While this is already a big list of things to be running tests on, it so far likely underweights small caps, which could conceivably behave differently. It is biased towards high volume instruments, which would likely move differently as well.

Testing setups across multiple categories ensures that if a pattern works for only certain types of stocks, it can still be found.

Testing setups across multiple stocks inside the categories is similar to a mini-replication.

Note though that there is still a bit of a bias if we check over the same timeframe, and it turns out the data is correlated, and so anything that looks particularly promising would be replicated later using data from a different time period.

Here are some quick ideas to get a scope of the kind of things I might test. Most of these are daytrading ideas, although I could test longer term position/swing trading ideas if people express interest.
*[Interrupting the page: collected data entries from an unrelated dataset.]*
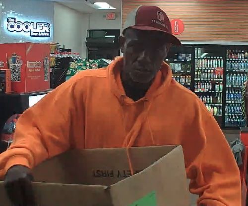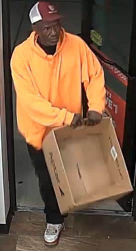 Investigators say the pictured suspect, identified as a black male, walked into the business and used the pictured cardboard box to steal $1,575.00 of cigarettes, the suspect left the business without paying. The suspect left the scene in an unknown direction of travel in the pictured Dodge Dakota, blue in color. There are no other details available for release at this time.
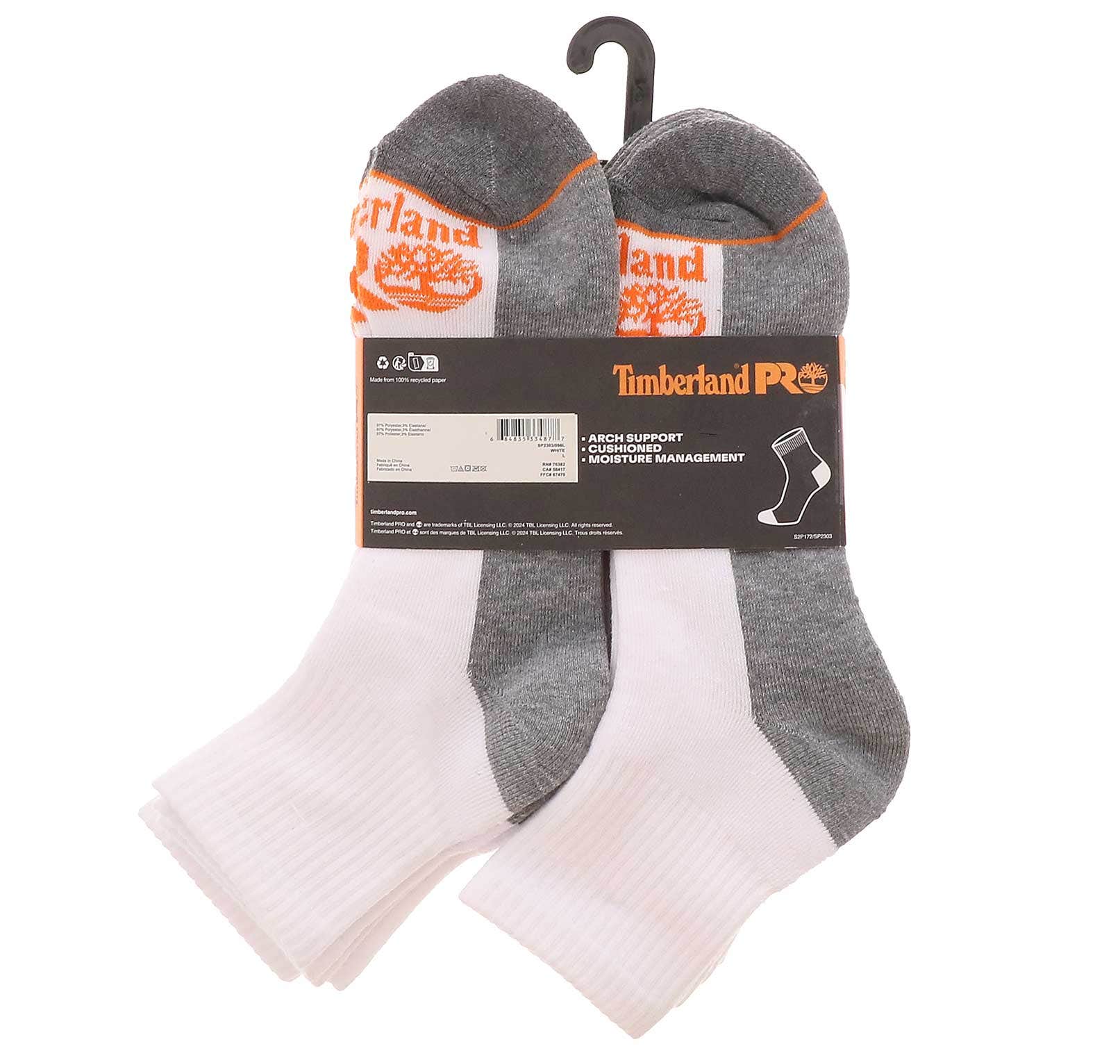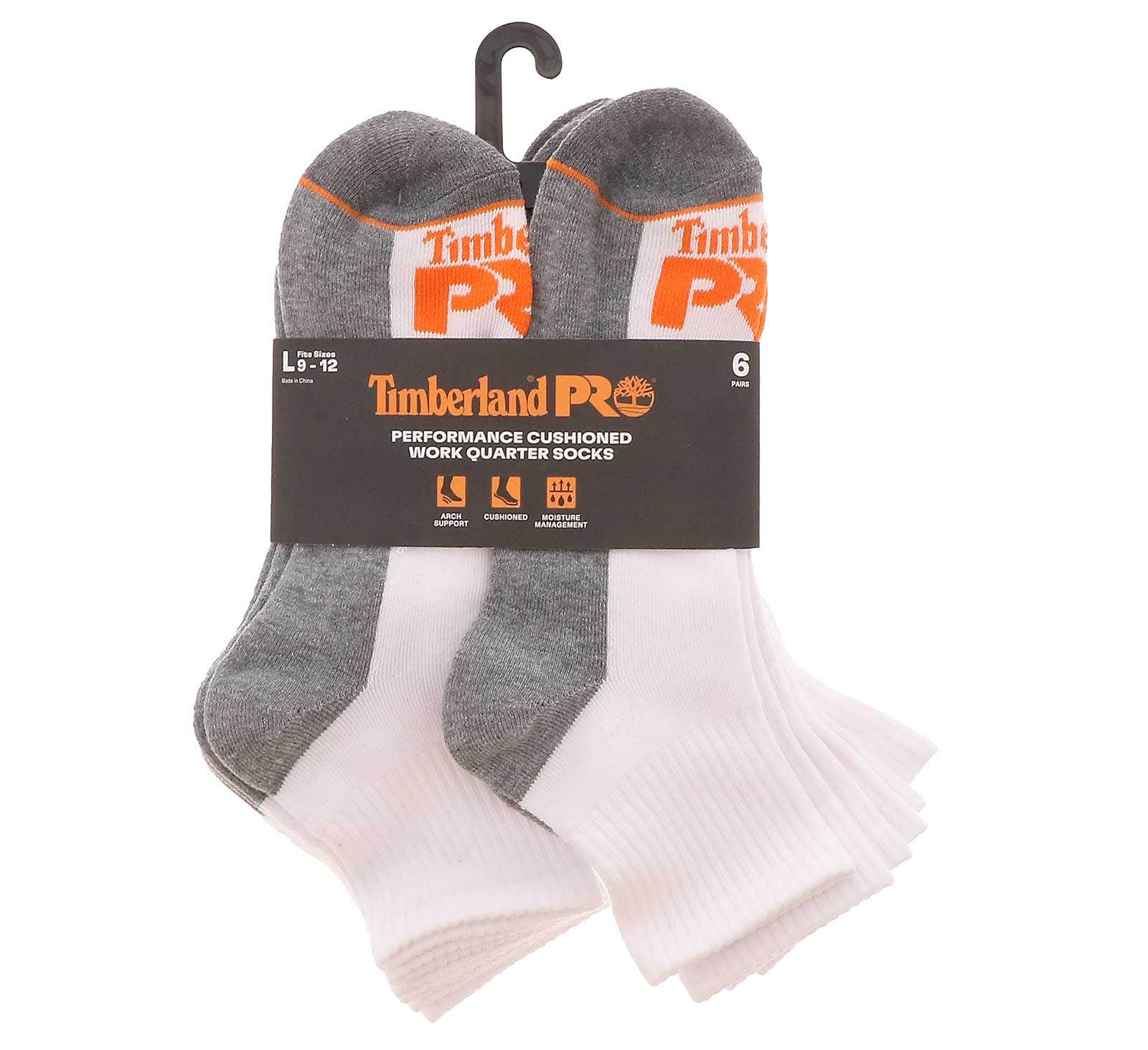 When your feet are on the job all day, you need socks that can keep up. You need the Timberland Pro Performance Cushioned 6PK Men’s Work Quarter Socks. Designed to hit quarter length, these socks provide full coverage and support with arch support and moisture management fabric to keep your feet comfortable all day, allowing you to work hard without distractions.
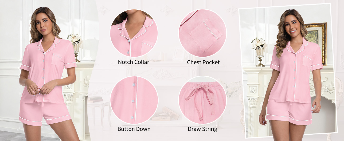 【Classic Design】This short-sleeve PJ set for women features a button-down front closure with a functional chest pocket and a notch collar design. The shorts come with an elastic waistband and an adjustable drawstring. This two-piece pajama set for women is easy to put on and take off, making it perfect for breastfeeding moms—just unbutton the top two buttons.
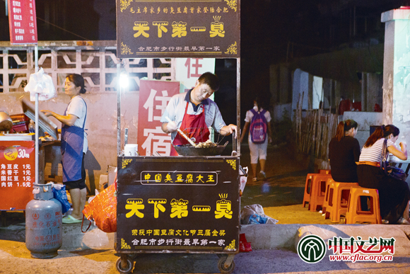 官亭路的老木来自亳州,早先在供销社上班。下岗后,为了使孩子能够有个好的教育环境,几年前举家迁往合肥,交了赞助费借读在官亭路附近的一所小学。老木在官亭路的营生是做臭豆腐,他不大的摊位有个响亮的招牌:天下第一臭。老木说,过几天的臭豆腐会更好吃,前天才从老家回来,卤水还是新的,卤水越陈,臭豆腐会越有味道。
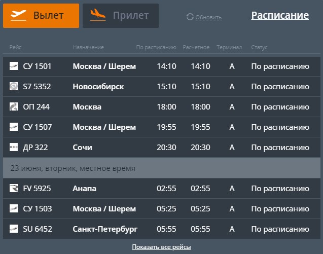 Здесь следует заметить: табло, которое вы наблюдаете перед собой, содержит данные, которые показывают в настоящий момент в аэропорту. Как было замечено, информация обновляется автоматически, потому все актуально на текущий момент.
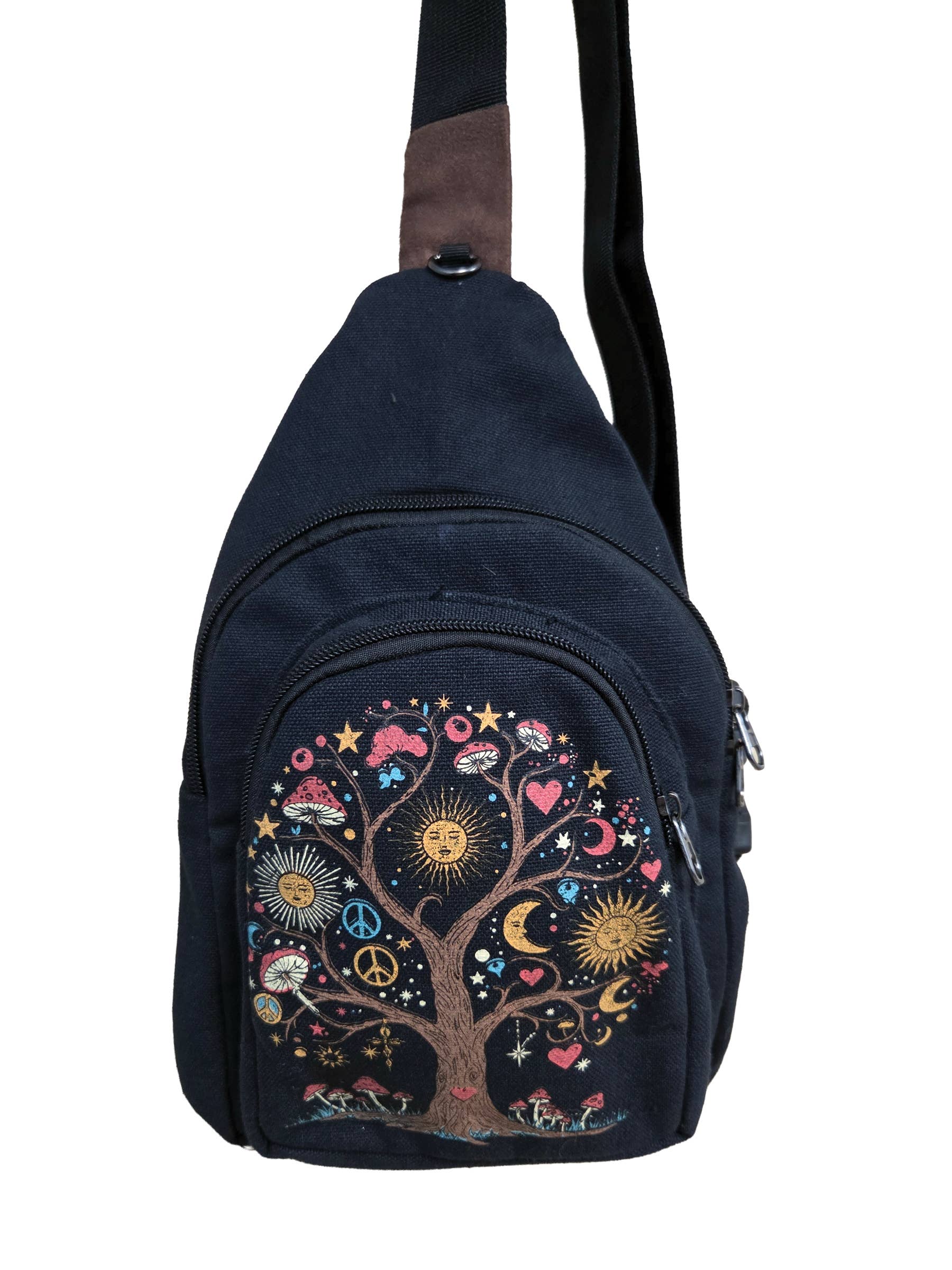 Similicuir, personnage de la série Adventure Time Interchangeable - bandoulière, sac à dos, sur l'épaule Dimensions - Corps : 9” x 9” / Longueur totale (avec jambes) : 15” / Profondeur : 3” / Sangles : 43,5”

  1. Opening Range breakout, 20 minute opening range.
  2. Opening Range breakout, 20 minute opening range, breakout between 10:00 and 11:00.
  3. Opening Range breakout, 20 minute opening range, breakout between 11:00 and 2:30.
  4. Bounce off even dollar levels among stocks between $100-$200, using VWAP to filter for trend direction. Test $30-$80 stocks with half dollar levels, test $250+ stocks with levels ending in 5 or 0. ($255, $260, $265 ...)
  5. Breakout of last 5 days high
  6. Breakout of last 5 days high when high wasn't set yesterday. (signifying a need for it to 'cool off')
  7. Breakout of last 5 days high when high WAS set yesterday. (Does momentum from yesterday continue?)
  8. Breakout of last 5 days high when high was set yesterday, and close was above the high.
  9. last 5 days high when... Breakout via Gap
  10. when... Breakout happens between 9:30 and 10:00
  11. when... Breakout between 10:00 and 11:00
  12. when... Breakout between 11:00 and 2:30
  13. when... Breakout between 2:30 and 4:00
  14. Entry in direction of breakout if volume in first 5 minutes of breakout is greater then 5% of Average Daily Volume.
  15. idea 14 but filtered by time
  16. idea 14 but filtered by index movement. (take trade only if ES Futures are within 4 ticks of their high of day)
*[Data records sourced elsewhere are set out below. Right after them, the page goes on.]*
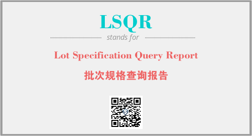 英文缩略词“LSQR”经常作为“Lot Specification Query Report”的英文缩写来使用,中文表示:“批次规格查询报告”。本文将详细介绍英文缩写词LSQR所代表英文单词,其对应的中文拼音、详细解释以及在英语中的流行度。此外,还有关于缩略词LSQR的分类、应用领域及相关应用示例等。
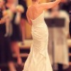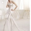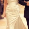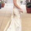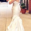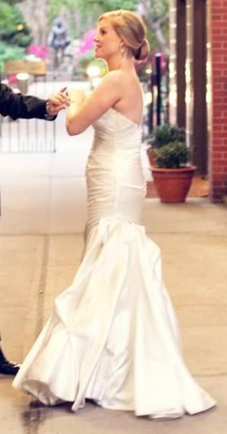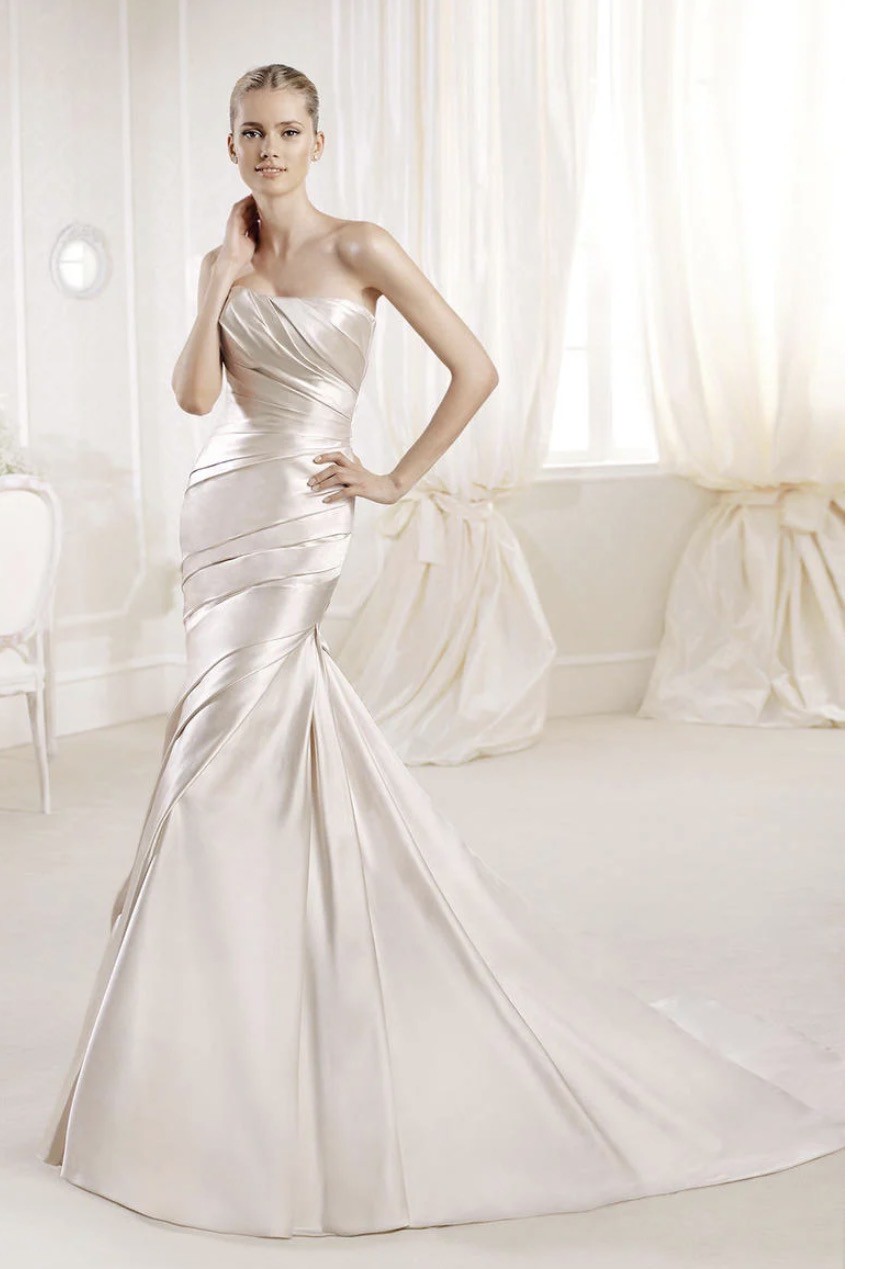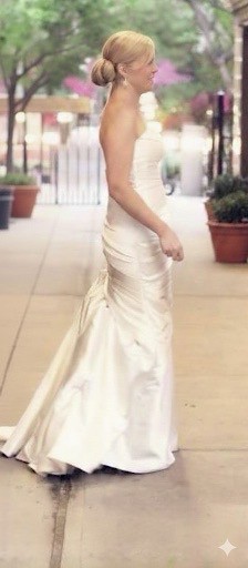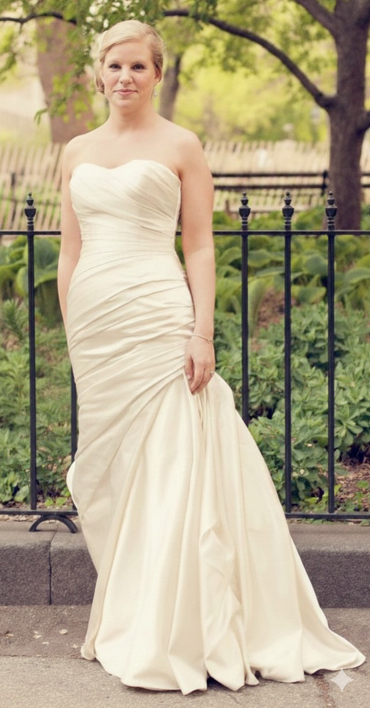 This elegant strapless wedding gown features a flattering sweetheart neckline with soft ruching through the bodice and hips, flowing into a graceful fit-and-flare silhouette with a subtle train. The smooth satin fabric creates a timeless look with a touch of Old Hollywood–inspired elegance and photographs beautifully.
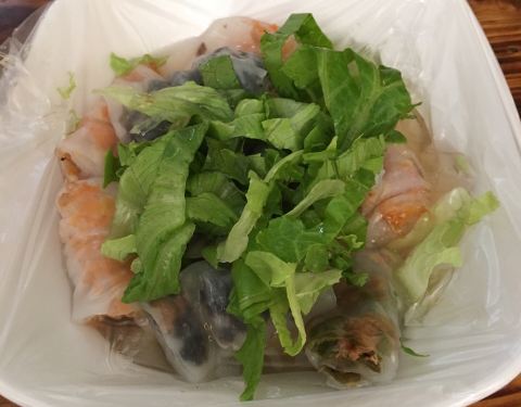 经过改良的越南口味卷粉,现场制作,像水晶般的薄薄的米皮,裹着木耳、猪肉沫等,配上酸甜汁、生菜与薄荷叶,根据口味添加酱料,味道真心好吃。

Etc. What I would likely try to do is cover a specific theme every week. So perhaps 5 day high/low breakouts is one week. Opening Range breakouts is another week. Gaps might be a third week, and fade strategies based on ATR or Crabel-style stretch values could be a 4th week.

During the week, I'd cover a number of variations on the idea, and with each variation I'd run the tests on the lists of candidates above. This might tell us things like, 'opening range breakouts on high volume are generally much higher one hour later on high beta NYSE stocks (p<0.01), high beta NASDAQ stocks (p<0.05) but not low beta stocks or major index etfs'.

Is this kind of blog you would be interested in reading? Is there anything specifically you would want to see covered?

  • Commodities?

  • Bonds?

  • Small caps?

  • Low volume stocks (<500,000 average daily volume)?

  • Low price stocks (trading at <$5.00)?

  • News plays (I'd probably filter for gap>10%)?

tldr: If I start a trading blog focused purely on entry signals, and testing those entry signals for statistical significance, would you read it?